© Яков Михайлович Сычиков, 2017
ISBN 978-5-4485-1278-0
Создано в интеллектуальной издательской системе Ridero
Комнатный мальчик
В то яркое жёлтое лето мы с двоюродным братом отправились в Тамбовскую область – в деревню Хомутовка, где у него жила бабушка. В той же самой деревне, совсем недалеко от братовой, – жила когда-то и моя бабушка. Она, правда, была и его бабушкой – уже второй по счёту, в то время как у меня числилась одной единственной.
Такая вопиющая несправедливость усугублялась ещё и тем, что, по наущению какого-то залётного, дальнего и дурного родственника, моя бабушка (в разгар денежной нестабильности) второпях продала дом за копейки; и приезжать в деревню Хомутовка мог я теперь только в гости к своим двоюродным братьям, а никак уже не в собственный родной дом к собственной любимой бабушке. На чужие пироги пасти не разинешь.
Шурику шёл пятнадцатый, а мне было ещё тринадцать, как и другому – мне двоюродному, а Сашке родному – брату Лёше, который уже ждал нас в деревне.
В поезде мы всю дорогу распивали пиво, храбрясь, что такие взрослые и едем в деревню одни. И, конечно, трепались о девочках. Шурик вводил меня в курс деревенской жизни. Всё предыдущее лето, по рассказам, прошло за игрой в «бутылочку», посиделках у костра с гитарой и в других тому подобных простых сельских радостях.
Особенно расхваливалась Светка, с которой Сашке часто выпадало целоваться и о чьих достоинствах знал он не понаслышке. Также упоминалась Оля, которую он не особо жаловал. «Это тебе, наверно, подойдёт», – говорил он с ухмылкой, посасывая «Балтику-трёшку». Намекая, гад, на моё не худенькое телосложение. «Посмотрим», – отвечал я, глядя на тянувшуюся за окном белую полосу пустеющей русской жизни и оставляя позади футбол с друзьями во дворе, игровую приставку и родных сердцу комнату и маму.
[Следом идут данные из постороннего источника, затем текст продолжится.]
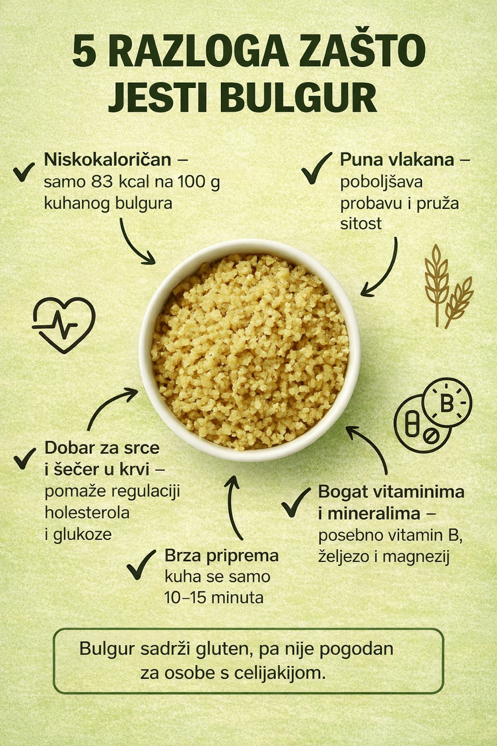 Bulgur je jednostavan, zdrav i ukusna namirnica koja donosi mnoge beneficije organizma. Iako sadrži gluten, njegova nutritivna vrijednost, bogatstvo vlakana i minerala čine ga odličnim izborom za sve koji žele poboljšati svoju ishranu. Brzo se kuha, lako se uklapa u različita jela i pruža dugotrajan osjećaj sitosti.

По приезду, мы сразу стали Капечкиными и должны были забыть на время московские фамилии, так как в деревне такая традиция – носить фамилию дома, в котором живёшь.
Лёха возился в сарае с безнадежно старым мотоциклом, и мы вдвоём с Шуриком отправились проведать соседей. Светку мы нашли равнодушной и скучающей. Она сидела на лавочке, ковыряя в земле прутиком. На меня даже не посмотрела. А я так надеялся тут всех очаровать и утереть братьям нос.
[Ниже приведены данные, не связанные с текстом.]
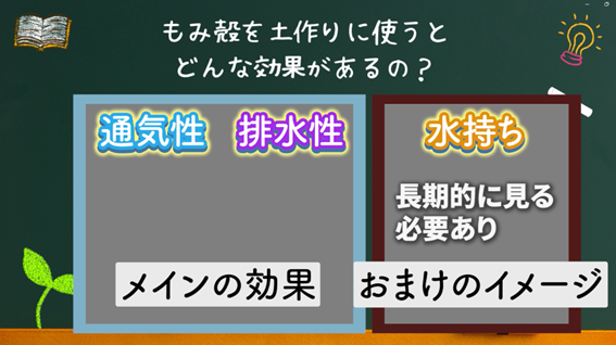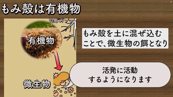 さらに、長期的に見ても大きなメリットが。もみ殻が長い時間をかけて土の中で分解されていく過程で、水持ちの改善が期待できるんです。

Пока Сашка болтал с ней, я уверился, что Света порядком подзаскучала, и никакая «бутылочка» нам уже не светит. Так и было. Вскинув белокурую прядь волос и щурясь от солнца, она наконец уведомила нас, что завтра уезжает обратно в Москву.
«Ну как?!» – спросил меня Сашка, когда они закончили, и мы отошли в сторону.
«Да так себе», – ответил я, держа ещё в памяти её красные большие пальцы на ногах, с остриженными «до мяса» ногтями. Возможно, они огрубели, пока Светка носилась с местной пацанвой по полям (впрочем, судя по её тоскливому виду, она вряд ли так весело проводила время). Или моё детское воображение делало их особенными, когда они на самом деле были самыми обыкновенными. Но так или иначе, это не было причиной считать её недостойной. И я, конечно, обманывал. Себя, брата. Да и её тоже.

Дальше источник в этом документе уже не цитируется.